Complete and uniform saturation of myocardium is essential for quantitative myocardial perfusion imaging using the first pass of a contrast agent. At 3 T, inhomogeneities of both the static (B0) and radiofrequency (B1) magnetic fields have led to the use of adiabatic B1-insensitive rotation type 4 (BIR-4) pulses, which in practice are constrained by radiofrequency (RF) heating.

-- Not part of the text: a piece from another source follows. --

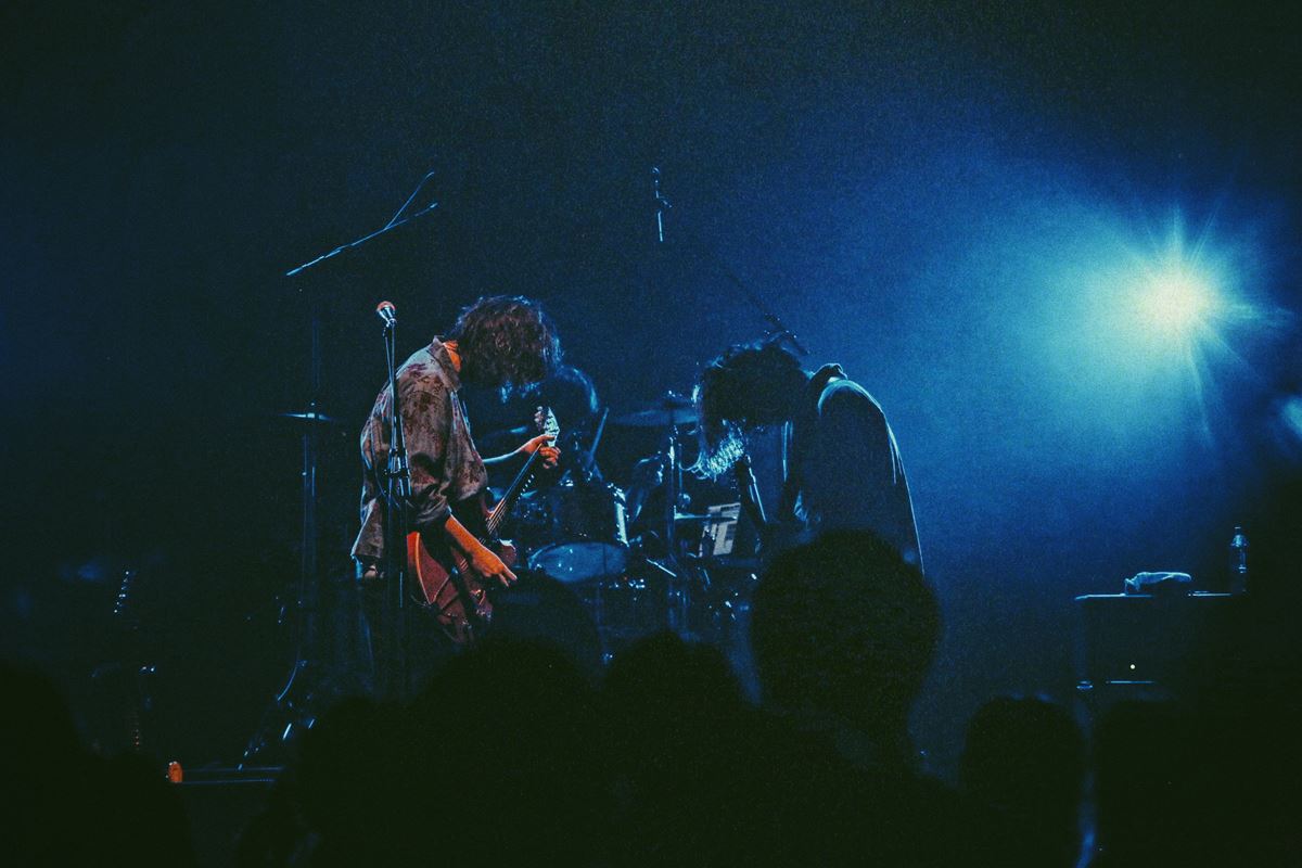 リハから板付きでぶっ放したわずか1分ほどのファストチューン「爆音の鳴る場所で」がkoboreの何たるかを一発で知らしめる。ギュッと一丸になったまま、ハイテンションで突っ走っていく4つの音。物理的な距離も近いためたまにゴチャついたりもする様子すらライブの熱に拍車をかけていく。その一方で佐藤赳(vo/g)が魂を込めて一語ずつはっきりと発声する歌は浸透力抜群だ。

First-pass magnetic resonance (MR) myocardial perfusion imaging (MPI) is an established technique for the assessment of ischemic heart disease. Saturation recovery preparation is widely used to produce T1-weighted images rapidly and with multiple slice coverage. Contrast-to-noise ratio (CNR) of myocardial wall enhancement during the first pass is critical to the performance of this technique. Recent work at 3 T has demonstrated improved CNR and showed that the diagnostic performance of 3-T MPI is superior to that of 1.5 T for the identification of both single- and multiple-vessel coronary disease. Despite the gain in CNR, there are still major technical challenges in 3-T cardiac imaging, such as static (B0) and radiofrequency (B1) magnetic field inhomogeneities.
Qualitative and quantitative MPI both rely on complete and uniform saturation of myocardium, and the performance of saturation pulses is sensitive to variations in the B0 and B1 fields. Recent studies have compared the effectiveness of different saturation pulses and have shown that the rectangular RF pulse train and the adiabatic B1-insensitive rotation type 4 (BIR-4) pulse exhibit better saturation effectiveness than the conventional 90° rectangular hard pulse with 1.5-T and 3-T cardiac imaging. The conventional RF pulse train, however, is more susceptible to B1 inhomogeneity than the BIR-4 pulse. Conversely, the BIR-4 pulse has a higher specific absorption rate (SAR). These costs inherently limit their application at 3 T, where low RF power deposition and immunity to B0- and B1-field inhomogeneities are highly desirable. At 3 T, inhomogeneities of both the static (B0) and radiofrequency (B1) magnetic fields have led to the use of adiabatic B1-insensitive rotation type 4 (BIR-4) pulses, which in practice are constrained by radiofrequency (RF) heating.